First and foremost, the annotators on the platform allow us to gather ground-truth at scale using a crowd-sourcing approach. In each annotation task, we retrieve the original PDF page and its associated parsed components, containing the cells (see Figure 2). We then ask the (human) annotator to assign each cell a layout semantic label. Examples of semantic labels are: Title, Abstract, Authors, Subtitle, Text, Table, Figure, List, etc101010It is important to notice that there is no restriction on the number of labels nor the semantic meaning of these labels. The only limitation one has is that the set of semantic labels needs to be consistent across the dataset, but this is evidently true for any type of ML algorithm.. In the annotator tool, each layout semantic label is visually represented by a colour. By assigning a colour to each semantic label, the task of semantic annotation is translated into a colouring-task, as can be seen in Figure 3. Since humans are very efficient in visual recognition, this task comes very natural to us. The required time spent to annotate a single page starting from the parsing output has shown to average at 30 seconds over various annotation campaigns.

Figure 4. The annotation rate of pages for two different collections (Physical Review B and Elsevier papers) as a function of the number of annotated pages. As one can observe, the mean annotation rate is increasing after each training (depicted by a vertical dashed red line). After the first training, the human annotator is presented a pre-annotated page, using the predictions from the latest model. As the predictions become better with increasing size of the ground-truth, less corrections need to be made and hence more pages can be annotated in similar time intervals.

The second purpose of the annotators is to visually inspect the quality of our machine learned models. The goal of the models is to emulate the action of the annotators, i.e. to assign a layout semantic label to each cell. Clearly, the result of a prediction for each page can therefore be displayed as if it were an annotated page. This allows the users to directly inspect the results of the models on unseen pages. A direct consequence of this inspection capability in the annotators is that the annotation task can be transformed easily into a correction task, i.e. the human annotators only need to correct the incorrectly predicted labels. Of course, as the models become better over time, the number of corrections needed to be made become less and less. This allows us to significantly reduce the annotation time per document. Since annotations are typically created by professionals with a high hourly rate, the colouring technique allowed us to significantly reduce the cost of ground-truth gathering.

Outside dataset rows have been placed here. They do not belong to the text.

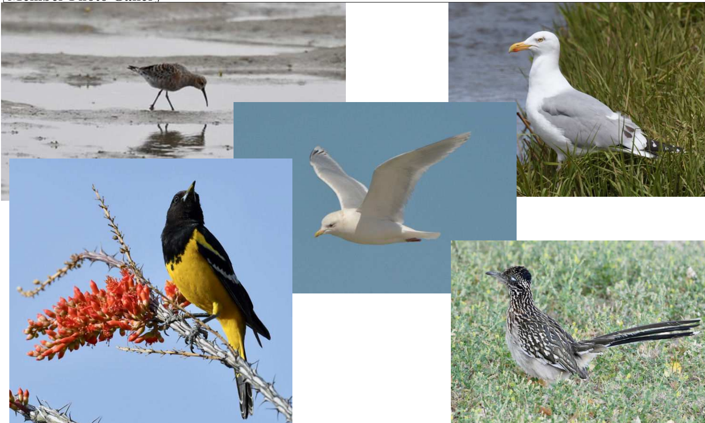
from Texas (Scott's Oriole & Greater Roadrunner) and Cape Cod (Curlew Sandpiper, Herring Gull, Iceland Gull)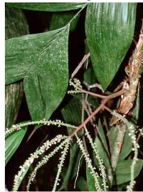
19 Geonoma cf. aspidifolia palmiche macho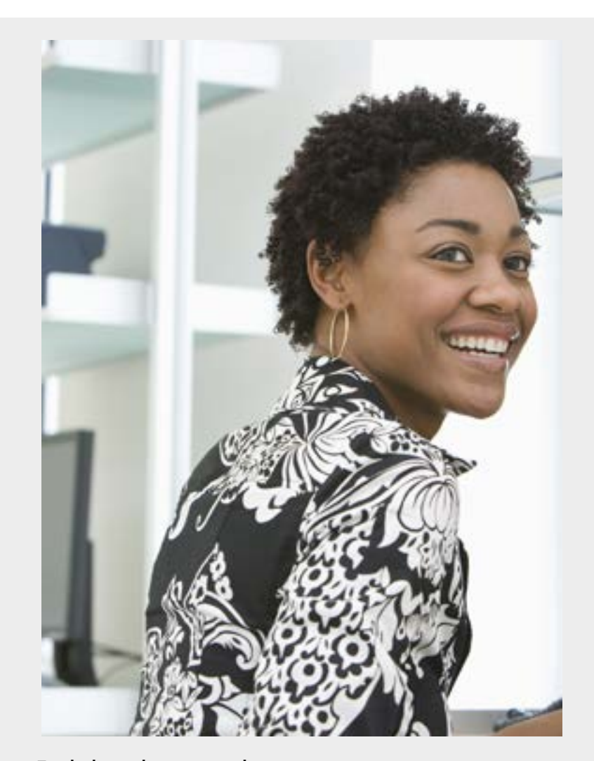
For help and support, please refer to your usual AXA contacts

A key area brought about by the Act is the new duty of fair presentation. We set out how we intend to assist customers with this aspect and we are working on a further document (to be available shortly) that will provide more detail on underwriting matters that may be relevant to this new duty.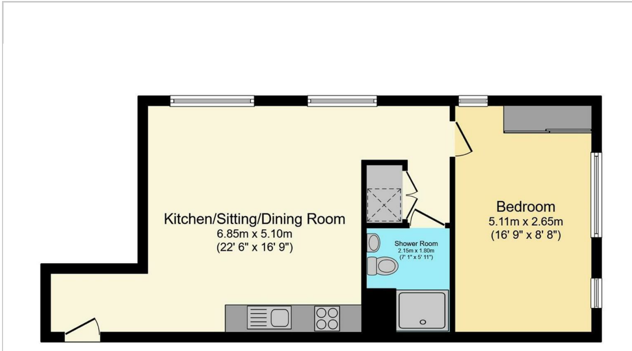
Floor Plan Floor area 51.2 sq.m. (551 sq.ft.) approx

Total floor area 51.2 sq.m. (551 sq.ft.) approx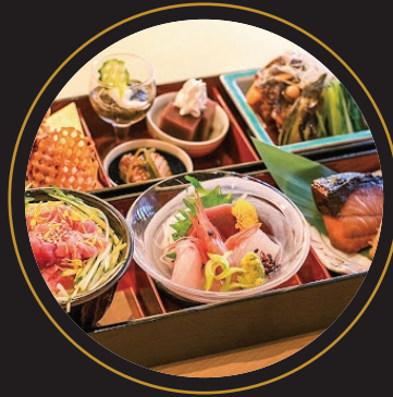
Matsuhana Course 松花御膳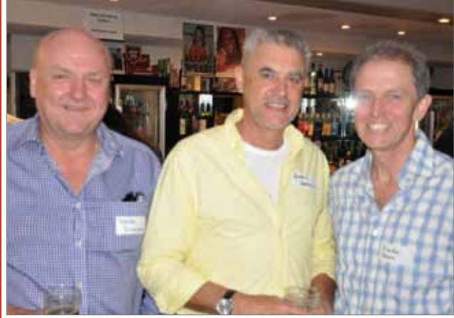
1974, 40 Year Reunion - Saturday 1st November 2014, Whitmore Hotel

Reunions will also be held for the following peer years throughout 2015. Dates still to be confirmed. 1965, 1975, 1985, 2005, 2014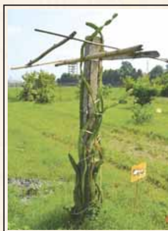
Photo: A full grown plant of dragon fruit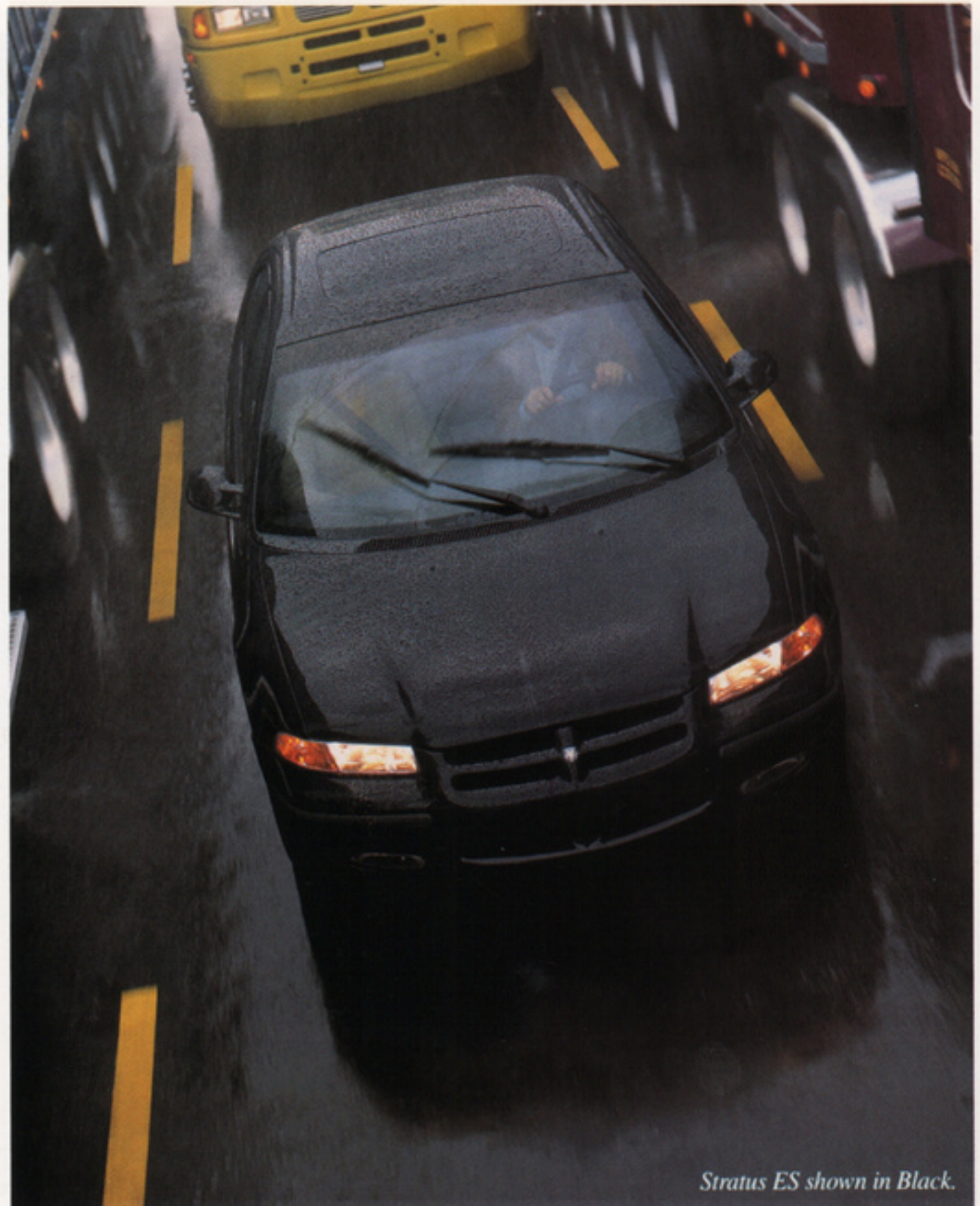
Stratus ES shown in Black.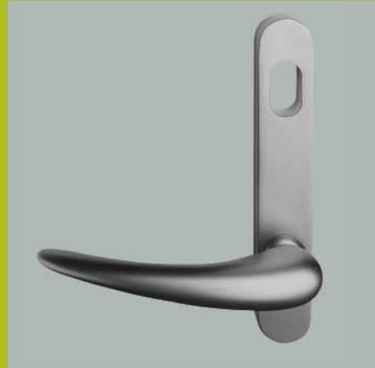
Comma PM35 on A3-51 plate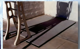
SoftSide Dive Stand Safety Pad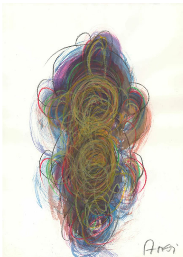
Figure , Arnold Schmidt, 2019. Watercolours, oil crayons, 74.7 x 55 cm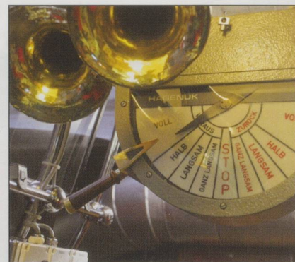
Speaking tube and telegraph to the bridge.

Like most Swiss lake paddle steamers, the 'Uri' is powered by a 2-cylinder compound engine. A link motion controls steam admission to each cylinder. A single wheel alters the position of both cut-offs simultaneously, but they are not in a fixed ratio. In forward the high-pressure cut-off is always shorter than the low-pressure, but it is the other way round in reverse. Vertically acting piston valves control the high-pressure cylinder, and slide valves, acting on a vertical surface, control the low-pressure cylinder. A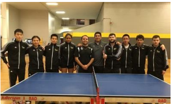
Table Tennis Qualifies for National Championship

The men's ice hockey team outlasted Ohio 3-2 in the second overtime period at the Edge Ice Arena in Bensenville, IL.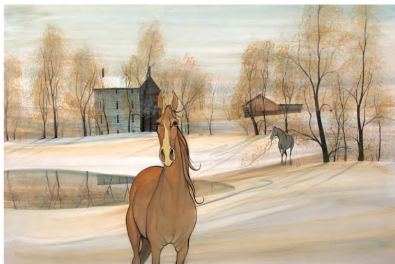
The Matriarch Giclée on paper Edition 250 and 25 artist's proofs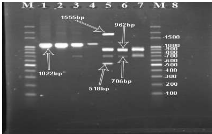
Figure 2. Electrophoresis result of successful reproduction of ccrA/B1 , ccrA/B2 , ccrA/B3 , ccrA/B4 and ccrA2/B genes, with amplicon length of 1022 bp for the ccrA/B1 gene, 962 bp for the ccrA/B2 , 706 bp for the ccrA/B3 gene and 1555 bp for the ccrA/B4 gene on the 2.5% agarose gel. Wells 1 to 6 positive samples in terms of the presence of genes, Well 7 positive control, Well 8 negative control. M Marker Lobe with a length of 100 bp. Staphylococcus aureus strain ATCC33591 was used as a standard strain of positive control and strain of Staphylococcus aureus ATCC25923 was used for negative control.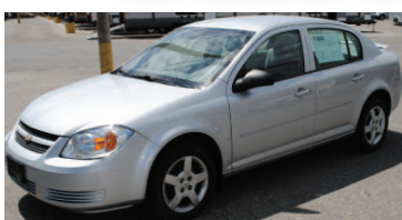
2007 CHEVY COBALT Low miles, fuel saver. $500 DOWN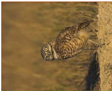
Burrowing Owl

Shuttle service is available from Kadoka and Murdo to Rasmussen-Lehman 33 Ranch for this event. Please indicate your interest in the shuttle on the registration form.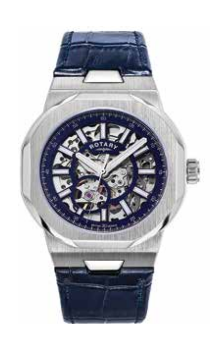
GS05415/05 Ø 40mm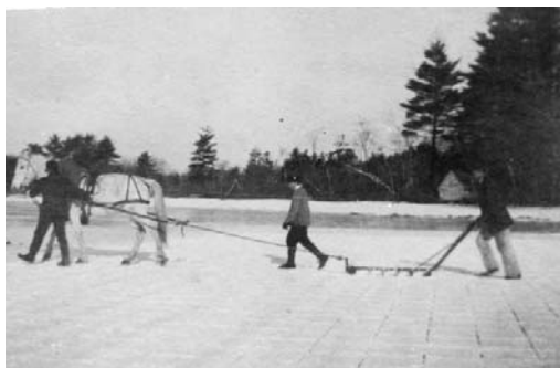
Ice harvesting at Crystal Lake

Winterfest --The museum will be open for Winterfest on Saturday, December 4, from 2:00 p.m. – 7:00 p.m. We have been working on an exhibit about ice harvesting to be displayed in the front parlor. A video, photos and tools will show how labor intensive the ice business really was and how refrigeration has changed our lives. We hope to move this exhibit to Hall Memorial Library early in 2011 and use this as a program for one of our winter meetings.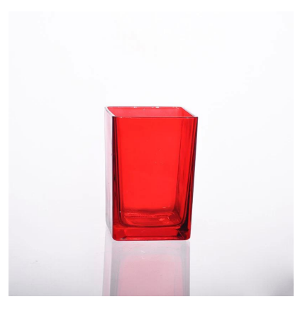
spray color glass candle holder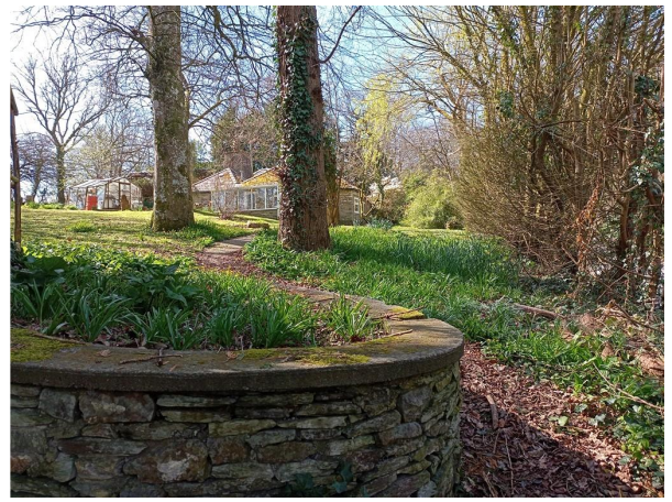
Main View & Gardens

Directions - From Newcastle Emlyn take the B4333 Aberporth road and then when you reach Cwm Cou, take the left turn onto the B4570 and continue to Ponthirwaun. Continue through the village and at the top of the hill in Neuadd Cross turn right towards Beulah. Continue along here for 0.3 of a mile and this bungalow is on the right hand side, third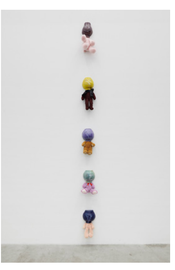
HADI FALLAHPISHEH Stabbed Pots, 2020 Stuffed animals, glazed ceramic pots Dimensions variable

x 8.3 cm.) Installed dimensions variable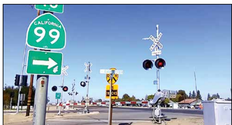
The rail crossing at Lerdo Highway will be closed from today to Friday, May 21 due to maintenance.

In Figure 3, we show the annotation-rate in number-of-annotated-pages per minute. The vertical red lines indicate that a training was performed on the annotated pages, and a new, improved model is used from that point to predict the labels. Since the corrections become less and less, the rate of annotation goes up. It is needless to say that this inter-leaving of training models (based on annotated ground-truth) and annotation benefits directly from our platform approach, since each task (submitting page-annotations, training the model, applying the model for predicting the labels) comes down to an asynchronous call to a microservice. The accelerated annotation leads to a speed-up of a factor of 10 for ground-truth collection.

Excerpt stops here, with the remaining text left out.